Portugal holds significant lithium reserves, placing it in the top ten countries in the world with an estimated 60,000 metric tons.
Martim Facada, the Lithium Market Reporter for Industrial Minerals, a publication that covers the global non-metallic minerals industry, says the current price of one kilogramme of lithium carbonate, as used in batteries, is around $23 - a "high price,” that Portugal can take advantage of.
"Portugal is still in a junior phase in the exploitation of lithium, but it has a lot of potential," with companies applying to government for 40 exploration licenses in the current mini-boom.
But Facada urges caution as this is a long-term business with production in Portugal starting, at very best, to produce lithium compounds used in the automotive industry, "in late 2019."
This is the target date announced by Savannah Resources, a British company that is exploring for the mineral in Trás-os-Montes.
"Once you start producing, you still need to sell the material to carbonate and lithium hydroxide plants if the company does not have its own factory," explains the analyst, adding that this is where Portugal can position itself.

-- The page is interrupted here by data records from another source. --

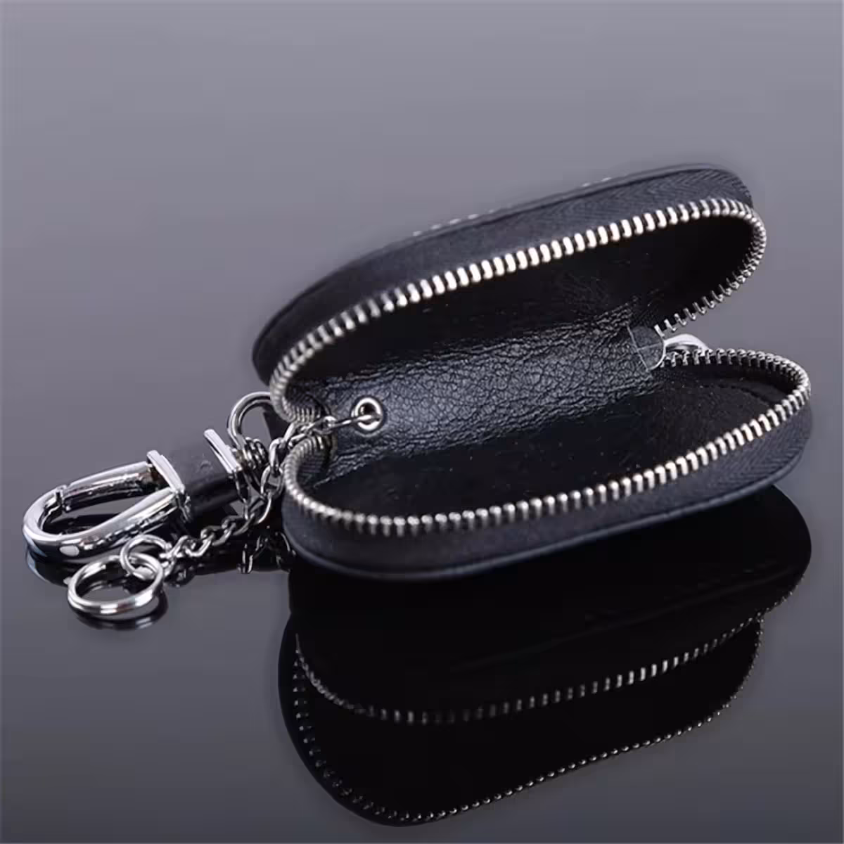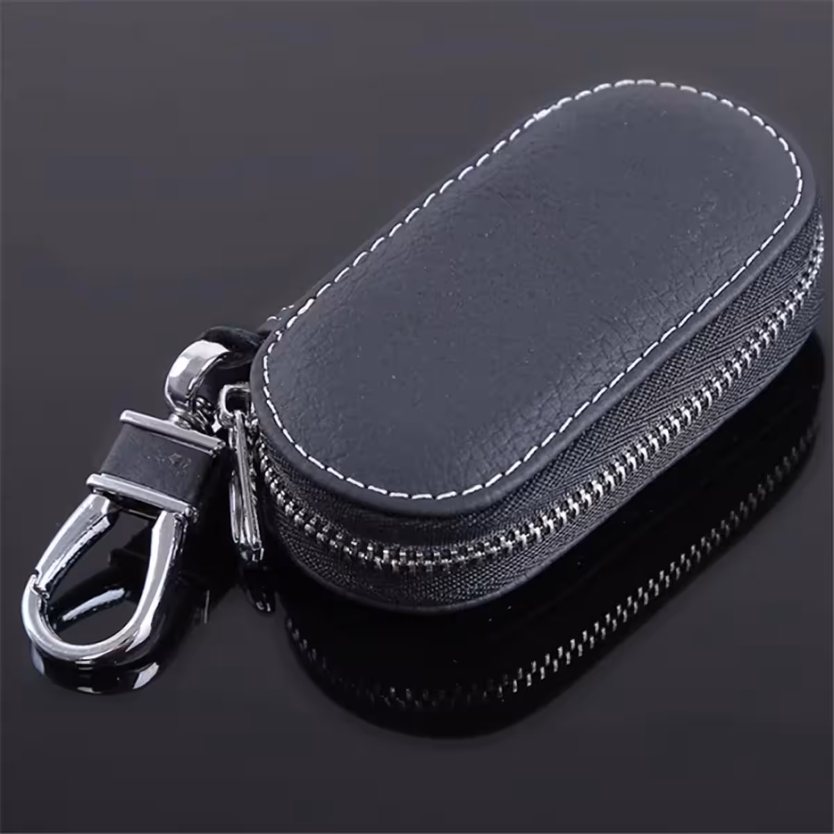 Porte-clés en Cuir pour Voiture – Porte-clés Élégant avec Mousqueton et Fermeture Éclair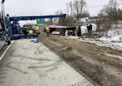 The Jackson Fire Department along with the Sheriff’s Office are still on scene as the right lane of Interstate 41 remains closed to assist in the removal of the semi and its cargo. Interstate 41 is expected to be fully open prior to the evening rush hour.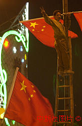 澳門市政工人深夜在葡京酒店賭場(chǎng)外高掛五星紅旗。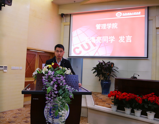 管理学院王海亮同学代表全体新生对学校领导、各位老师和工作人员致以崇高的敬意和诚挚的感谢。他代表全体新同学郑重承诺:同学们将发扬成信人的精神,严守道德准则、科学严谨、一丝不苟的作风,虚心修业,探索求知;同时以饱满的热情,全心投入来完成三年的学习,以优异的成绩回报社会。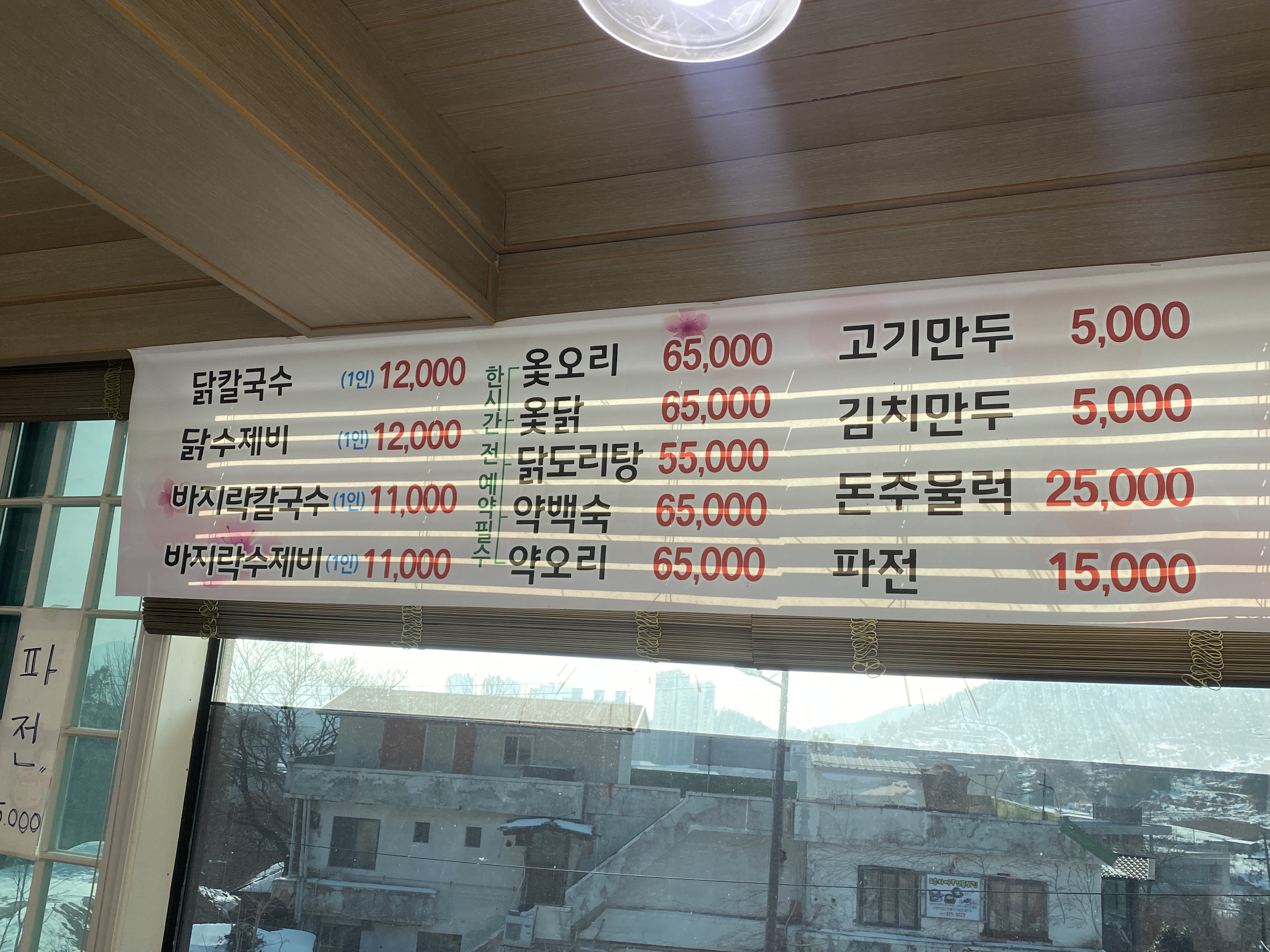 닭칼국수가 눈에 바로 띄어서 주저 없이 닭칼국수 2인분 시켰습니다.

"With high prices, investors are interested in investing a few million dollars in the development of a mine and then, for example, signing a contract with auto manufacturers, such as BMW, Volkswagen, Mercedes or Renault.” "If there is an agreement between a company mining lithium in Portugal, with an automobile manufacturer, it may be possible to build factories in the country," said the analyst.
But for those who believe that lithium will solve Portugal's financial problems, Martim Facada advises putting a brake on the enthusiasm.
"To say that lithium can develop the economy and industrialise the country is an exaggeration. It is not because a raw material is worth a lot that a country is rich. In the case of lithium, if an industry develops of extract and produce carbonate and lithium hydroxide, this will create employment and develop the areas around the mines, but it will not make Portugal a rich economy," clarifies Facada, in an interview with Dinheiro Vivo.
‘Llithium fever’ started about two years ago, when the price of the mineral more than tripled, from seven to 27 US dollars. This was due to China’s plan to reduce carbon emissions at the same time as the production of electric cars grew 200% in a year. Demand outstripped supply, causing the price to skyrocket.
Last month, the Secretary of State for Energy, Jorge Seguro Sanches, said that this year's exploration licenses will be auctioned off, hoping for a higher fee income for the State.
Extraction licences for lithium, as for oil and gas, will not trigger a stream of limitless cash flowing into Portugal's treasury. For oil and gas, the extraction risk outweighs the potential monetary gain, argue the environmentalists, as the State does not own the companies involved, unlike in Norway where the profits as well as any licence fees end up in the treasury as the State owns 67% of Statoil.